Record excerpts -
◇ ◇ ◇ ◇
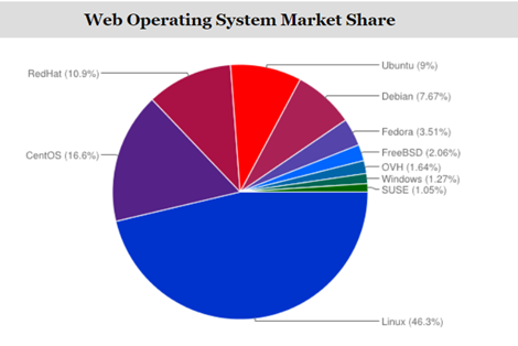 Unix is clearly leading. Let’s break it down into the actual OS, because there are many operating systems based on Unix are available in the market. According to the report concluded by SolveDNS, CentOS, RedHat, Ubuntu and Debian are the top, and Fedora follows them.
◇ ◇ ◇ ◇
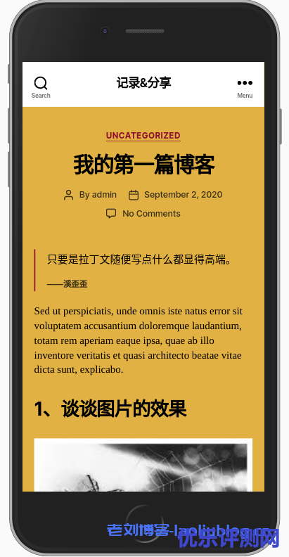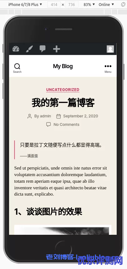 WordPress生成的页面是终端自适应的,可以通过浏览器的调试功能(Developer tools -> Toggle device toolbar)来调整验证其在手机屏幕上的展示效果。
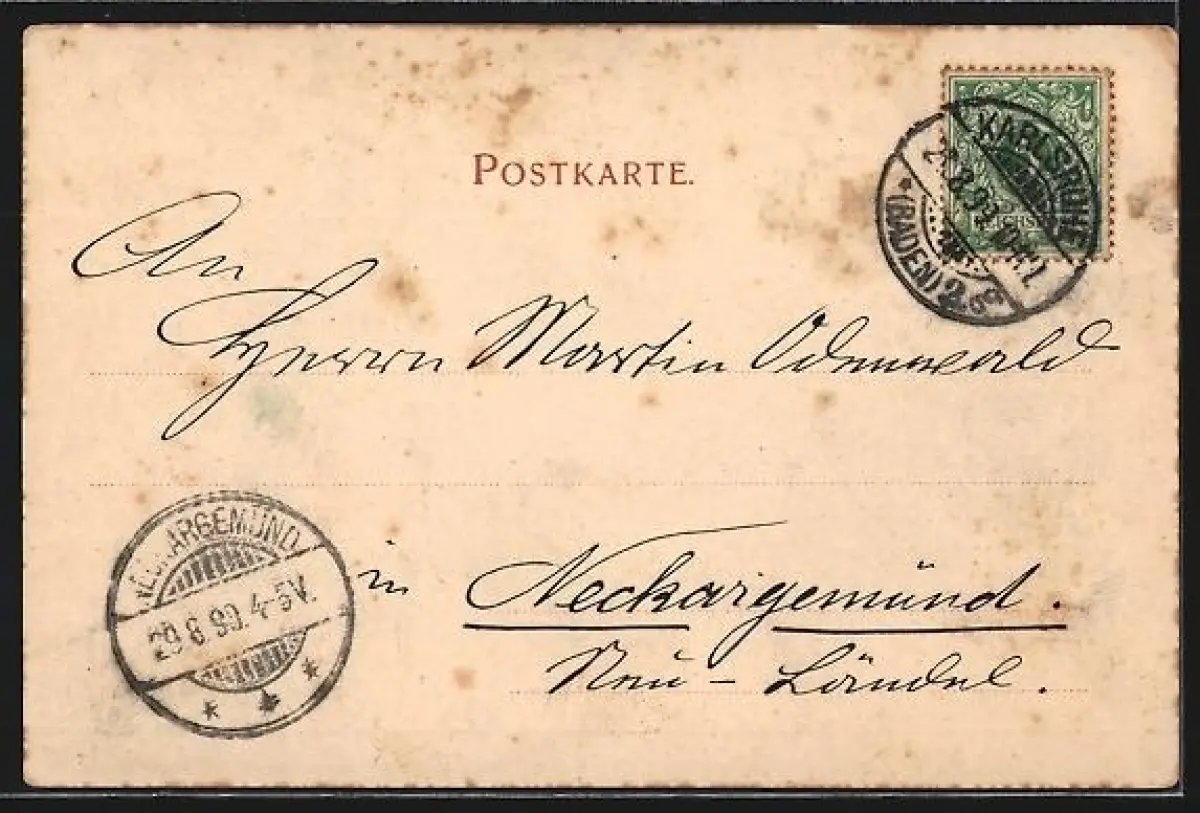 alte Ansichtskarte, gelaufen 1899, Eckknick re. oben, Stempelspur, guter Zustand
◇ ◇ ◇ ◇
Task objective - Look back at the data above, then output exactly the lines from the line holding "WordPress生成的页面是终端自适应的,可以通过浏览器的调试功能(Developer tools ->" up to and including the line holding "alte Ansichtskarte, gelaufen". Leave out the pictures.

Answer below -
 WordPress生成的页面是终端自适应的,可以通过浏览器的调试功能(Developer tools -> Toggle device toolbar)来调整验证其在手机屏幕上的展示效果。
 alte Ansichtskarte, gelaufen 1899, Eckknick re. oben, Stempelspur, guter Zustand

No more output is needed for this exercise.